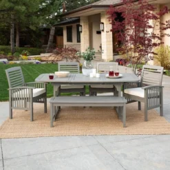 Ravenscroft 6pc Acacia Wood Patio Dining Set With Bench – Gray Wash – Saracina Home
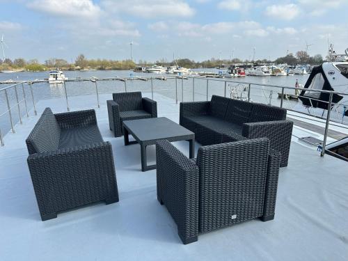 Hausboot La Mare Seeblick位于Weyhe,拥有露台和餐厅,距离Bürgerweide有14公里。这家空调住宿距离不来梅中央车站有14公里,为客人提供免费WiFi,内部提供私人停车位。
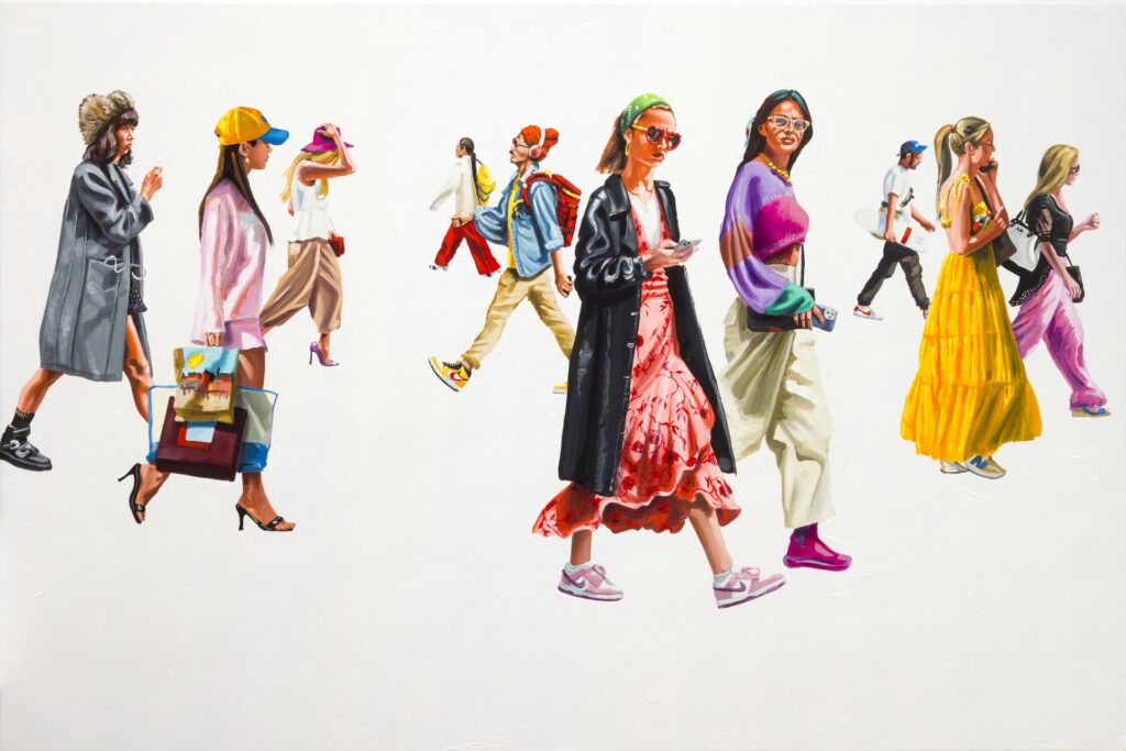Sì indubbiamente c’è anche un background cinematografico, forse negli ultimi anni i miei personaggi sono diventati meno sfocati e più iconici, ma amo molto la dinamica dei corpi e degli atteggiamenti
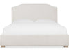 The Driftwood Queen Upholstered Bed in Buckboard features soft fabric upholstery complemented by warm wood feet. This bed includes the headboard, footboard, and rails, with the flexibility to use the headboard separately.
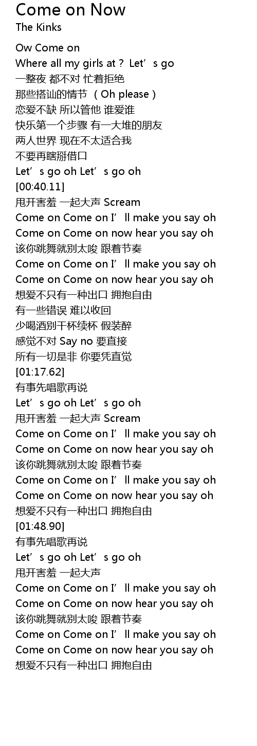 | [02:20.21] | Come on Come on I’ll make you say oh |
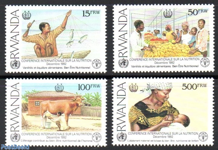 In December 1992, delegates from 159 countries and the European Economic Community and representatives from 144 Non-Governmental Organizations (NGOs – independent non-profit groups), 11 inter-governmental organizations and 16 United Nations bodies attended an International Conference on Nutrition, jointly organized by the Food and Agriculture Organization of the United Nations (FAO) and the World Health Organization, at FAO headquarters in Rome, Italy. The two organizations had co-operated in the past with efforts to overcome the problem of malnutrition. Rwanda produced this stamp set in 1992 to commemorate the initiative.
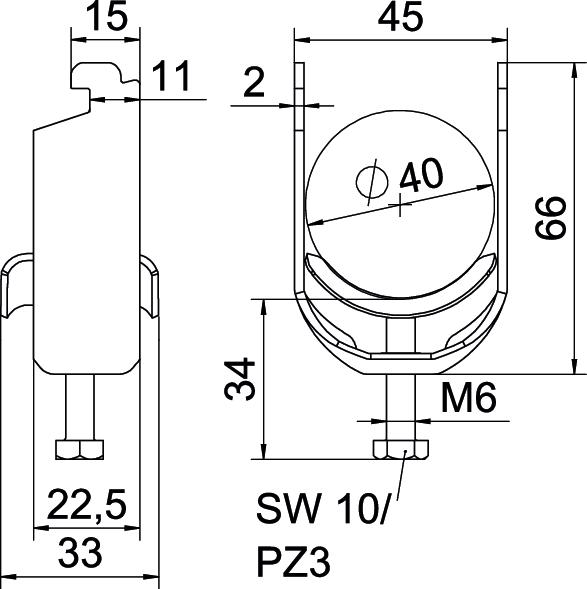 Obejma kabłąkowa, ze stopką typu N, metalowa wanienka dociskowa,z zaokrąglonymi krawędziami do ochrony kabli. Do pionowego i poziomego montażu pojedynczego kabla na szynie o profilu C. Do szczeliny o szerokości 11 - 12 mm. Z gwintem jednoskokowym na wanience dociskowej, łeb sześciokątny uniwersalny SW10, z rowkiem i łbem krzyżakowym Nadaje się do montażu wewnątrz i na zewnątrz Zalecamy użycie wanienki dociskowej
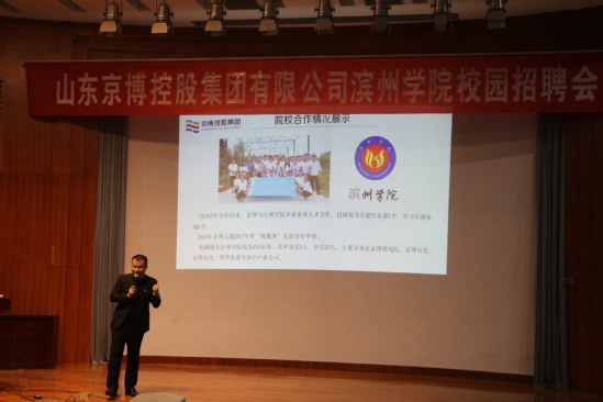 招聘会上,京博控股集团有限公司人力资源部负责人员以“毕业在即,我们该如何选择”为主题,详细讲解了京博控股集团有限公司的发展前景,并介绍了集团公司的生产经营、企业文化建设、人力资源管理、用人岗位和招聘条件等方面情况。
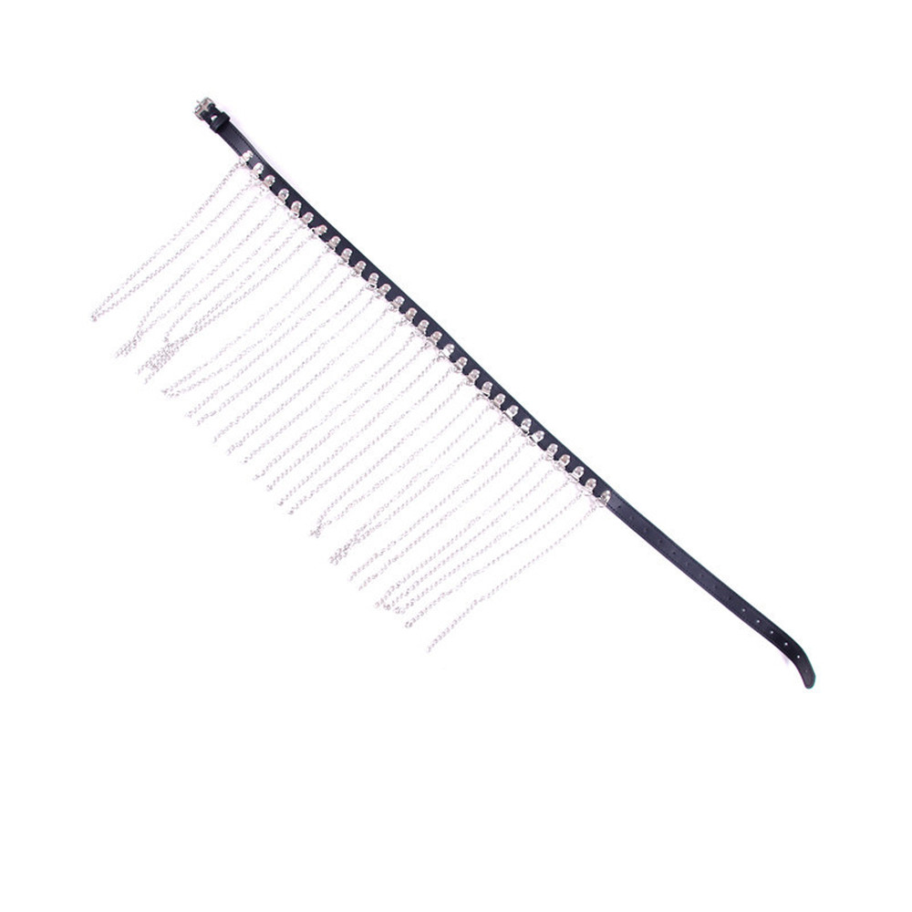 This suit, with sexy chain tassel detail, has belt buckle fastening chest and waist straps.

**INSTRUCTIONS FOR THE TASK**: Begin at the first line of the material and copy each line exactly through the one containing "Hausboot La Mare". Omit pictures.

**TASK SOLUTION**:
 Ravenscroft 6pc Acacia Wood Patio Dining Set With Bench – Gray Wash – Saracina Home
 Hausboot La Mare Seeblick位于Weyhe,拥有露台和餐厅,距离Bürgerweide有14公里。这家空调住宿距离不来梅中央车站有14公里,为客人提供免费WiFi,内部提供私人停车位。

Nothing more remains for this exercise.